### [Directions]
Only one stretch of the records below is wanted: the lines from the one holding "Strakke aluminium wandhouder" through the one holding "1c. to $1 set". Return it exactly, both ends included.

Segment Start: Records to process

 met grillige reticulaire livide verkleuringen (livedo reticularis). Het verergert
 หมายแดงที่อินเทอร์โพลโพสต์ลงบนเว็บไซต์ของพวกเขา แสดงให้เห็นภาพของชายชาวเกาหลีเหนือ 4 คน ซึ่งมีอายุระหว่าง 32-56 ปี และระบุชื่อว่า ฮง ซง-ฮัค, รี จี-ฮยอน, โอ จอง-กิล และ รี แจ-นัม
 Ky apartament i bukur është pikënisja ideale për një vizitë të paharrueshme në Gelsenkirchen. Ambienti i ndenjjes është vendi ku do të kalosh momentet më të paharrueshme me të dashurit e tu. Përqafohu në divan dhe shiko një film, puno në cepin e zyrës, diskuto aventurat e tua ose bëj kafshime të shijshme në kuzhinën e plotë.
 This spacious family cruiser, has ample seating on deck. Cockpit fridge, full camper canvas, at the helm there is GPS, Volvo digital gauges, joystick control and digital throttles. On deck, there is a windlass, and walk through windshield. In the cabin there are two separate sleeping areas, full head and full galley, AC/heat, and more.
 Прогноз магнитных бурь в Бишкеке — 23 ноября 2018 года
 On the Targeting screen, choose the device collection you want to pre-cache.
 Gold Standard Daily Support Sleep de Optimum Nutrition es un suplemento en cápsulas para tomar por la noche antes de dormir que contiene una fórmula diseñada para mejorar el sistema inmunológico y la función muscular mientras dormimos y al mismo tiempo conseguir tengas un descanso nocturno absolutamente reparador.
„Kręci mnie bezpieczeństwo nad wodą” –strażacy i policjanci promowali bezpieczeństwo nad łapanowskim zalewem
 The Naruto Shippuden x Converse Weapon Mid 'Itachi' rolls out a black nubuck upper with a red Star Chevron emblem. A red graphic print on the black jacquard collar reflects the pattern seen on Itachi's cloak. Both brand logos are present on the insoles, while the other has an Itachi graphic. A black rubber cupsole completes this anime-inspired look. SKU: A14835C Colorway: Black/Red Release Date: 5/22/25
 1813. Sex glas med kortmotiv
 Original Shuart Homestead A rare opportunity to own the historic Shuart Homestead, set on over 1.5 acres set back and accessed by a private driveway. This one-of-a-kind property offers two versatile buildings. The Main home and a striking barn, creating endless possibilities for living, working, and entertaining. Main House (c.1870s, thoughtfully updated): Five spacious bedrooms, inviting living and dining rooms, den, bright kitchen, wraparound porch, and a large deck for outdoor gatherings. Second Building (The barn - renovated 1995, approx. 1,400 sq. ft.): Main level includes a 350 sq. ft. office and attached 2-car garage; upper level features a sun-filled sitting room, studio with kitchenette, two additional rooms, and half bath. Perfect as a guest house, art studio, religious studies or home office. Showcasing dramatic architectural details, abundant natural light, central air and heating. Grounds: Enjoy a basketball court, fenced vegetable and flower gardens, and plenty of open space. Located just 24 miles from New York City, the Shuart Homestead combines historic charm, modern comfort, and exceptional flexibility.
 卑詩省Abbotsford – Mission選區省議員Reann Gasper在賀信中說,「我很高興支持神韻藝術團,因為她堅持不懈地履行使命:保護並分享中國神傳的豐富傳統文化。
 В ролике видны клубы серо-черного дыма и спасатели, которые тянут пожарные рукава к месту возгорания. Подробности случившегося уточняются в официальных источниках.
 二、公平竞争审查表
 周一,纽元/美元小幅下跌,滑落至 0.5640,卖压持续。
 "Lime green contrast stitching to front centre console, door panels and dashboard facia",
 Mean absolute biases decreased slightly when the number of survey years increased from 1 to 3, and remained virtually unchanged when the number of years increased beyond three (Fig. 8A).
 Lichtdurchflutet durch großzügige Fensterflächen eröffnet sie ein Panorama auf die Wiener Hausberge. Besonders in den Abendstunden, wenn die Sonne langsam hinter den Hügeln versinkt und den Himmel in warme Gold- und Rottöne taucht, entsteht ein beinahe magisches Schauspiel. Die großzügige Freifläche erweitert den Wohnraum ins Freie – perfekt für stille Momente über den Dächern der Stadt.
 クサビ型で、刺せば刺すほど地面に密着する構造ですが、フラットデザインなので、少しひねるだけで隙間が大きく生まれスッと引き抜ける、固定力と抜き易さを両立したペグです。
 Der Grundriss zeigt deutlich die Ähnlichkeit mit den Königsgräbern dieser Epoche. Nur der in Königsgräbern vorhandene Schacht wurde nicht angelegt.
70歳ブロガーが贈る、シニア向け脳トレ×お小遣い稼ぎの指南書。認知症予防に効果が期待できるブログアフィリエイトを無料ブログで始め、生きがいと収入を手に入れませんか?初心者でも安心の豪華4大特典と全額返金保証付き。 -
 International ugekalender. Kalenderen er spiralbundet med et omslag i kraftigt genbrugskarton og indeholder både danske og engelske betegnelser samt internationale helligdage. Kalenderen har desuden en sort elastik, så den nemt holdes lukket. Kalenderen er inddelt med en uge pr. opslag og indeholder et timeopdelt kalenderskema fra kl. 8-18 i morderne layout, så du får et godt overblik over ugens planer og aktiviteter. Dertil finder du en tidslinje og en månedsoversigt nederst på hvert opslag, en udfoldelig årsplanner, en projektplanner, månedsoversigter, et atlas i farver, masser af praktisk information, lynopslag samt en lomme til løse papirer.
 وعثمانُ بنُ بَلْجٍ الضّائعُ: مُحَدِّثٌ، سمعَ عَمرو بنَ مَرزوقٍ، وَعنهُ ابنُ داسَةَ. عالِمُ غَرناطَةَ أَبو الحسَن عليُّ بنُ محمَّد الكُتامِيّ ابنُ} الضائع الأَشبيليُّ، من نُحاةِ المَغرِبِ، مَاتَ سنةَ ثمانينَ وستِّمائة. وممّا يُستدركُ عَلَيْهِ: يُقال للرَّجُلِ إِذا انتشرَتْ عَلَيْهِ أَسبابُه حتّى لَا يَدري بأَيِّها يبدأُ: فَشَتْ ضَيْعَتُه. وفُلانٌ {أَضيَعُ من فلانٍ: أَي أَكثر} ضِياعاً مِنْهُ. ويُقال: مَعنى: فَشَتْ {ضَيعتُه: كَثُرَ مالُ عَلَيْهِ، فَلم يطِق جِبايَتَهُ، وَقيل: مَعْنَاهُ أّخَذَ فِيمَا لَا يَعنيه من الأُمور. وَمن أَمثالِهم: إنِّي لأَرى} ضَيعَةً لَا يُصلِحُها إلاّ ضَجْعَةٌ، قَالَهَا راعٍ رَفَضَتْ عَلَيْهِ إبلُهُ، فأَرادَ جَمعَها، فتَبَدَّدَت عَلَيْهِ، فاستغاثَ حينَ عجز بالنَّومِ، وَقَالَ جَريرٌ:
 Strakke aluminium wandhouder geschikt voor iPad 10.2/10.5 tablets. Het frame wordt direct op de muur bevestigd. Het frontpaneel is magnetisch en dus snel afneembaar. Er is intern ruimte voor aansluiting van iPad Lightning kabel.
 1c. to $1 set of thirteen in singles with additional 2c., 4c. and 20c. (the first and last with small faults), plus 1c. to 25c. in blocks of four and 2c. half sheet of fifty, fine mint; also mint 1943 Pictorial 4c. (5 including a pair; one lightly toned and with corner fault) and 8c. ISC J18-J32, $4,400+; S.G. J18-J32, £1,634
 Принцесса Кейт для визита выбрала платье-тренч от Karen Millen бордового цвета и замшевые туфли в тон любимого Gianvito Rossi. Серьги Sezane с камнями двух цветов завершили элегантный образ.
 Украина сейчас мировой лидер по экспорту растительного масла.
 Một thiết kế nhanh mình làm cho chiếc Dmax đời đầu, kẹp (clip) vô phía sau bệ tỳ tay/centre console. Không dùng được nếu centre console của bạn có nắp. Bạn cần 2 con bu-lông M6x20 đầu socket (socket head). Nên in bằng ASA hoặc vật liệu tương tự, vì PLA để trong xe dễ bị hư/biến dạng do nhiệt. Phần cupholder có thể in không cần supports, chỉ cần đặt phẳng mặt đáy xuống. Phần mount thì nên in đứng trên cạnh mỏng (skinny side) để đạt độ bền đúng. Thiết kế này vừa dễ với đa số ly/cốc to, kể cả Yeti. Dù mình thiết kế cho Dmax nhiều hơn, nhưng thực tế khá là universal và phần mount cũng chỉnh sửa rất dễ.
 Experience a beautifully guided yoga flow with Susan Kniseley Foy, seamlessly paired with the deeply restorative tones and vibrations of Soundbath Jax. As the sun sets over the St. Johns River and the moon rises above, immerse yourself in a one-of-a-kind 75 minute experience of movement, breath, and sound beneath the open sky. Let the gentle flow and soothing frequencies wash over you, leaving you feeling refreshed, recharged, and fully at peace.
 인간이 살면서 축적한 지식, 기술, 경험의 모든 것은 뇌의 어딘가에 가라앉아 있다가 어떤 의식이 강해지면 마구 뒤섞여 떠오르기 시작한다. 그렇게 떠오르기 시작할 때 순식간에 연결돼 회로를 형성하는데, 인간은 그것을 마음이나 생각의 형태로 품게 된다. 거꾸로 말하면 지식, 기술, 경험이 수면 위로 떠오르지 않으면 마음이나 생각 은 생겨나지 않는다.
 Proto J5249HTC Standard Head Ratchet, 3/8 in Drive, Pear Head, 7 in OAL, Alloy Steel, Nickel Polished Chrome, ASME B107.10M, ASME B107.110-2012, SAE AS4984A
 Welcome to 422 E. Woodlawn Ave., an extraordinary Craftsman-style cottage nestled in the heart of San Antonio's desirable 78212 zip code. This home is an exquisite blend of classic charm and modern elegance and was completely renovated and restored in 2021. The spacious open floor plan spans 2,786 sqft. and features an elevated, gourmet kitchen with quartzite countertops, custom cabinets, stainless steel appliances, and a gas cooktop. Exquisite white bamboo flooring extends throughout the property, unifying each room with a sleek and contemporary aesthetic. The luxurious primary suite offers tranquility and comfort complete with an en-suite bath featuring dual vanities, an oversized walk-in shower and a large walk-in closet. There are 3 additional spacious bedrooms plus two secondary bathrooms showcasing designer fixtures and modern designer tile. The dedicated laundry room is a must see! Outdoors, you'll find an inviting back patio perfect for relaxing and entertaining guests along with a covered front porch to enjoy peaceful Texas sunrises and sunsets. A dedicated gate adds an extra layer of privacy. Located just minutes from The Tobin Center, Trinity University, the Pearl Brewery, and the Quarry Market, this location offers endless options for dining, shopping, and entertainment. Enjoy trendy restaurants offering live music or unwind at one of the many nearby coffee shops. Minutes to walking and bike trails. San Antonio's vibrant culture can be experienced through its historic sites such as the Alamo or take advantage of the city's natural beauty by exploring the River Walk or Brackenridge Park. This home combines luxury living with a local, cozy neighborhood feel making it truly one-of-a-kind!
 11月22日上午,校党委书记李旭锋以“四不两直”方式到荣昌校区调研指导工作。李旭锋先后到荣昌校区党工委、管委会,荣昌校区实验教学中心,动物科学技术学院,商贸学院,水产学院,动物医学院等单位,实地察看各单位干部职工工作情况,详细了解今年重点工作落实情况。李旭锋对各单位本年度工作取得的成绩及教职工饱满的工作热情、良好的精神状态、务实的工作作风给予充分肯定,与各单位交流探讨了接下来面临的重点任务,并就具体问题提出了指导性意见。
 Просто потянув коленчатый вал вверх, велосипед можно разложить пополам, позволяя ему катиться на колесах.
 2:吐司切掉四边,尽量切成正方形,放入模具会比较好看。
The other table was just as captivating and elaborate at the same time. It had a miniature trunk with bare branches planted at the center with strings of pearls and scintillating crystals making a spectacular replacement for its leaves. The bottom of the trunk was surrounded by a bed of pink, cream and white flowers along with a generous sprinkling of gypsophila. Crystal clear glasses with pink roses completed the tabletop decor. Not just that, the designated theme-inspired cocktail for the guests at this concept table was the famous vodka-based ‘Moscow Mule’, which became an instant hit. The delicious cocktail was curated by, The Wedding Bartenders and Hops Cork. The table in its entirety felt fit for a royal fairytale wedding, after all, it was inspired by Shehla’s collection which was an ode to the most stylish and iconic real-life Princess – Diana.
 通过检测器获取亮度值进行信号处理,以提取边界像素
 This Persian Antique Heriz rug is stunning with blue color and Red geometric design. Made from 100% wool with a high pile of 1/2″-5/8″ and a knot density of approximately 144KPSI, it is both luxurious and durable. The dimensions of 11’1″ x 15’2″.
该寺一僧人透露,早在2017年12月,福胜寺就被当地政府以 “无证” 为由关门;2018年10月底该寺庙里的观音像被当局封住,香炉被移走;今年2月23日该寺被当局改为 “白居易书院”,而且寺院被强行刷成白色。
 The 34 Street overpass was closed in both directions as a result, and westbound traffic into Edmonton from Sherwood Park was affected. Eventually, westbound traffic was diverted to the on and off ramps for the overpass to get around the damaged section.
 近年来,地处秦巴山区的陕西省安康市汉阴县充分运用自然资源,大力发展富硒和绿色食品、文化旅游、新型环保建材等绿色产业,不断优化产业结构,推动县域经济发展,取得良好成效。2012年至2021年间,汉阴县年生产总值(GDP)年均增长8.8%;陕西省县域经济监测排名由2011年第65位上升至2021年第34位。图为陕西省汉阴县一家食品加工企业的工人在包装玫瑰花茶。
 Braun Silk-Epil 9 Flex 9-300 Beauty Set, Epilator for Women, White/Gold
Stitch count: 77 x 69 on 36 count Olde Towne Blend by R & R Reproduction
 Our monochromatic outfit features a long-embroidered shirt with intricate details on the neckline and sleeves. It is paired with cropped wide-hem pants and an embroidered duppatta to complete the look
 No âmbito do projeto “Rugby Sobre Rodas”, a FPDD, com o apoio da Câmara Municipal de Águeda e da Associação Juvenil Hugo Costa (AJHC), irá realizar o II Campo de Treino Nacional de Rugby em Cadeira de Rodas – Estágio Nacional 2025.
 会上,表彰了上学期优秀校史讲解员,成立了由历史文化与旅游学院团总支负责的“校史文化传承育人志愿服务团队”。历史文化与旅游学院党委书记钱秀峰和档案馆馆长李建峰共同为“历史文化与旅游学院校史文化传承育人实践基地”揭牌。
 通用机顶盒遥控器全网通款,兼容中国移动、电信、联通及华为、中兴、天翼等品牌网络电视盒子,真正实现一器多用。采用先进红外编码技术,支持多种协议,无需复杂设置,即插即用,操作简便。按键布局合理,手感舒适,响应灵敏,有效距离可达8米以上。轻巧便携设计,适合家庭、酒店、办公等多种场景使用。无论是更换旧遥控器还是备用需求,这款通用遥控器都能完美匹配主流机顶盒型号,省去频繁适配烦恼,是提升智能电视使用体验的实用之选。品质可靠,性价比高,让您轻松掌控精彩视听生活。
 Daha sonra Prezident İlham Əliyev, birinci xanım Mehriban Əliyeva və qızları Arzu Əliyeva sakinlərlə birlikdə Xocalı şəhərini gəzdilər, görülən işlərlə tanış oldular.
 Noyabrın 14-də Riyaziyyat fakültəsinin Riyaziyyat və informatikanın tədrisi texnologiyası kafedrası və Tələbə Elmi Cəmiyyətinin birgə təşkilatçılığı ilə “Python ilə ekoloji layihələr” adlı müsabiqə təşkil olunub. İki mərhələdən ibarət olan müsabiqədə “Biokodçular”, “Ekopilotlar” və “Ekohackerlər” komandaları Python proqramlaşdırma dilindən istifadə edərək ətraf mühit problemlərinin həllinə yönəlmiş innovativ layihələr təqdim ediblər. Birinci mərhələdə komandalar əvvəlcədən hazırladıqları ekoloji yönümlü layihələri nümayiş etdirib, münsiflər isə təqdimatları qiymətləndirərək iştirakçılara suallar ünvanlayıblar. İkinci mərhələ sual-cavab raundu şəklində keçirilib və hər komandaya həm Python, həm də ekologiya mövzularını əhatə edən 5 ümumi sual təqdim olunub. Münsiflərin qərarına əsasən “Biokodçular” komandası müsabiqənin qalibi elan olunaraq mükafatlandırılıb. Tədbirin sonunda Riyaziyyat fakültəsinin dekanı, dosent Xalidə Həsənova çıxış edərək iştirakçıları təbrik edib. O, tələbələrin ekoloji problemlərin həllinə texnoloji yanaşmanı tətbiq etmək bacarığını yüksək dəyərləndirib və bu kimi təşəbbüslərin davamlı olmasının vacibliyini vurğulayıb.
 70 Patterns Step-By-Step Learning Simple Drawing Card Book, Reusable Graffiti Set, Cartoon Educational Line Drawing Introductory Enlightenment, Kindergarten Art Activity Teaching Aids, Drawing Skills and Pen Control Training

Segment End: Records to process

### [Task response]
 Strakke aluminium wandhouder geschikt voor iPad 10.2/10.5 tablets. Het frame wordt direct op de muur bevestigd. Het frontpaneel is magnetisch en dus snel afneembaar. Er is intern ruimte voor aansluiting van iPad Lightning kabel.
 1c. to $1 set of thirteen in singles with additional 2c., 4c. and 20c. (the first and last with small faults), plus 1c. to 25c. in blocks of four and 2c. half sheet of fifty, fine mint; also mint 1943 Pictorial 4c. (5 including a pair; one lightly toned and with corner fault) and 8c. ISC J18-J32, $4,400+; S.G. J18-J32, £1,634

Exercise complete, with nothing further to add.